Featured in our 2019 news section: Redwood Extremes in the Urban Environment below are two incredible redwoods that are growing opposites.
Ridgway Burl Giant:
Planted in Santa Rosa California around the time of the 1915 World’s Fair, the Ridgway Burl Giant most likely made its humble beginnings during the reconstruction period following the 1906 earthquake. Located within the Ridgway Historic District of the city, the tree sports the largest burl known for a Coast Redwood growing in the urban landscape. Bulbous in appearance like a giant onion, the tree’s burl was measured in 2019 at an impressive 11 feet in diameter. What’s remarkable is the tree quickly tapers down to a modest 3 ½ feet in diameter only 30 feet up from the base, thus giving the tree its unusual appearance. Above this point, the tree tops out at a modest 117 feet in height.

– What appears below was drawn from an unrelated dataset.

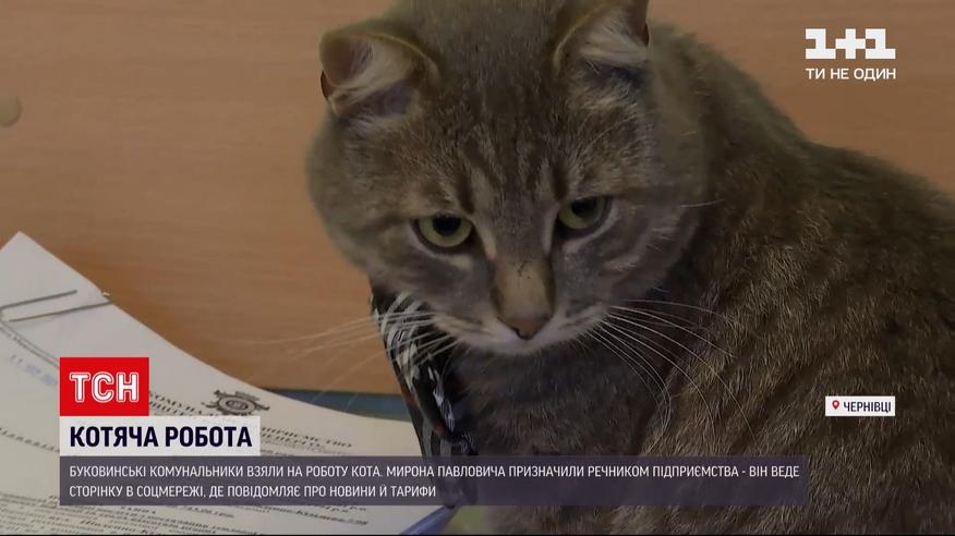 Пиар-ход от буковинский коммунальщиков. Работники тамошнего теплокоммунэнерго приютили бездомного кота, и впоследствии заявили - взяли четвероногого на работу. Зовут кота Мирон Павлович. Он ежедневно свободно ходит офисами, проверяет котельные, спит на столах и копается в кипах документов. Сотрудники шутят, как вылезет на судебные дела - они становятся выигрышными.

According to the Ridgway Burl Giant’s owner, the redwood is approximately 105 years old. When calculating the wood expansion from the tree’s center within that time frame, the radial growth (all things assumed being equal) equated to 66 inches (167.6 cm) from the tree’s center. This equals an average of 5/8 inch (1.6 cm) of annual tree ring growth. This rate of wood accumulation is not uncommon for coast redwoods in a regenerative forest but exceptional for a tree growing in the urban environment.

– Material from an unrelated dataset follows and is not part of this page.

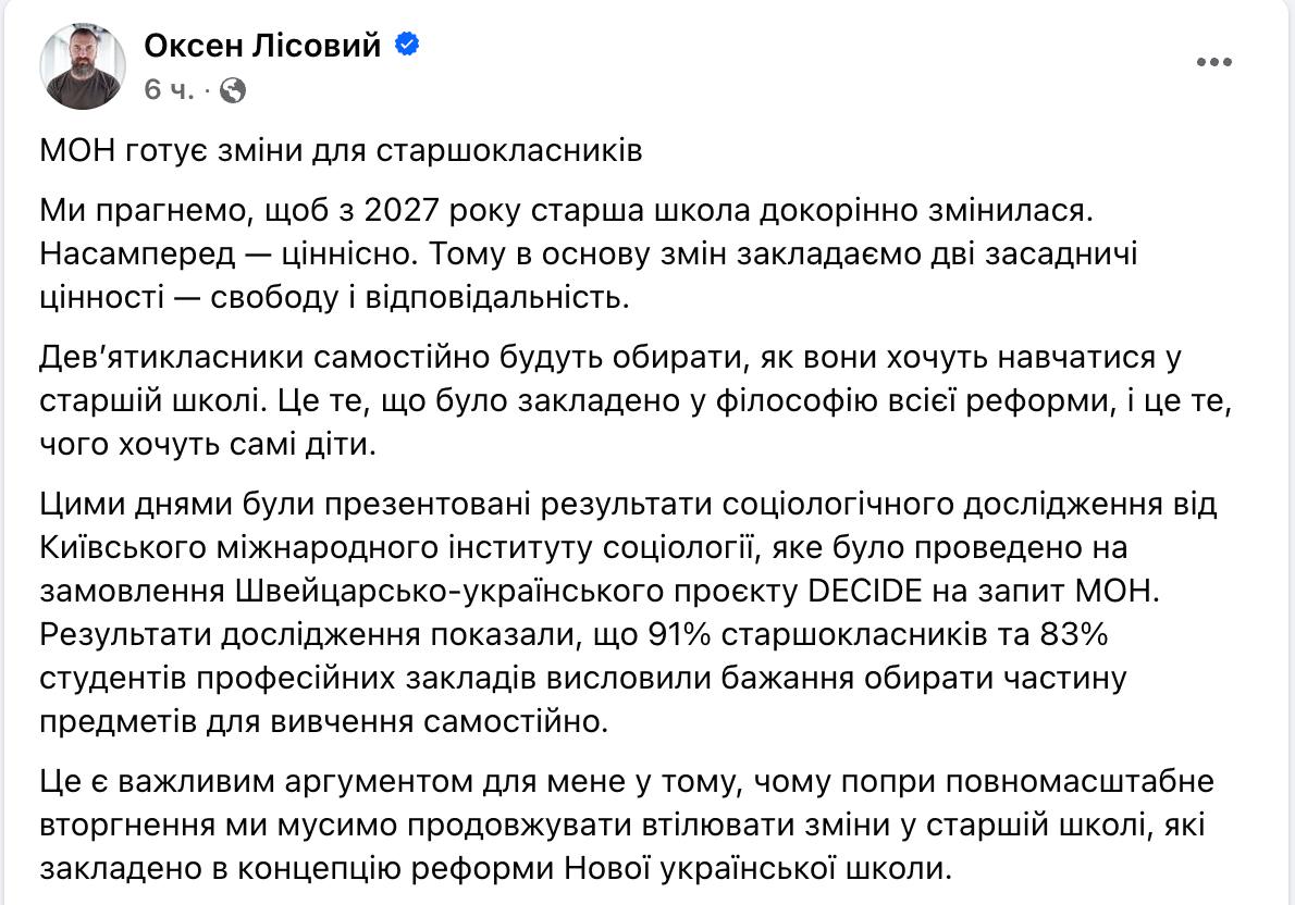 Образование продолжают реформировать. Фото: facebook.com/oksenlisovyi

As you can see from these pictures, the massive burl is taking over the yard in front of this quaint little cottage. One could assume that genetics are the reasons for this impressive growth or possibly an environmental factor may be lending to its unusual appearance. For now, the mystery remains for this stately tree on Ridgway Avenue.
Small Grey Bark Redwood:
For our next tree, you may want to put aside any previous thoughts of what a Coast Redwood is supposed to look like. Unlike the Ridgway Burl Giant, this tree heads in the opposite direction when it comes to amazing growth. Instead of living up to the species reputation for size & height, this redwood has remained incredibly small. If scientists could cross a Sitka Spruce with a Coast Redwood this tree might be the odd result.
Known simply as the Grey Bark Redwood by Sacramento area arborists, this dwarf Coast Redwood is the sole representative known within the species. Standing approximately 32 feet in height exhibiting a weeping top, this tree’s features are so unusual that it would be easy to misidentify even by an expert. The redwood’s bark is the most striking attribute when first approached. It’s incredibly thin and smooth in appearance, exhibiting strange whirls and checkered-like patterns. This uncharacteristic look is in contrast to normal Coast Redwoods that exhibit stringy, soft, &, verticality-aligned ridges within their bark. It’s only after a closer inspection of the tree’s foliage that one can tell is truly a Coast Redwood by the alternate needle arrangement. For those of you wondering if this could be a Dawn Redwood, that species exhibits an opposite needle arrangement and is deciduous, unlike their coastal cousins.
According to historical records, the Gray Bark Redwood was planted around 1965 and is approximately 54 years old as of this writing (2019). Within that time frame, the tree has grown just a mere 11.5 inches in diameter. This is far below what would be considered average for a tree living for more than five decades. When calculating the average growth from the tree’s center within that time frame, the radial expansion (all things assumed being equal) equated to just 5.75 inches (14.6 cm) of growth from the tree’s center. This equaled just 53/500 of an inch (2.70 mm) of annual ring growth. To put this in perspective, the wood accumulation on this tree is so slow that each year the tree’s rings add the thickness equivalent of just two dimes. With that said, the wood is assumed to be incredibly dense.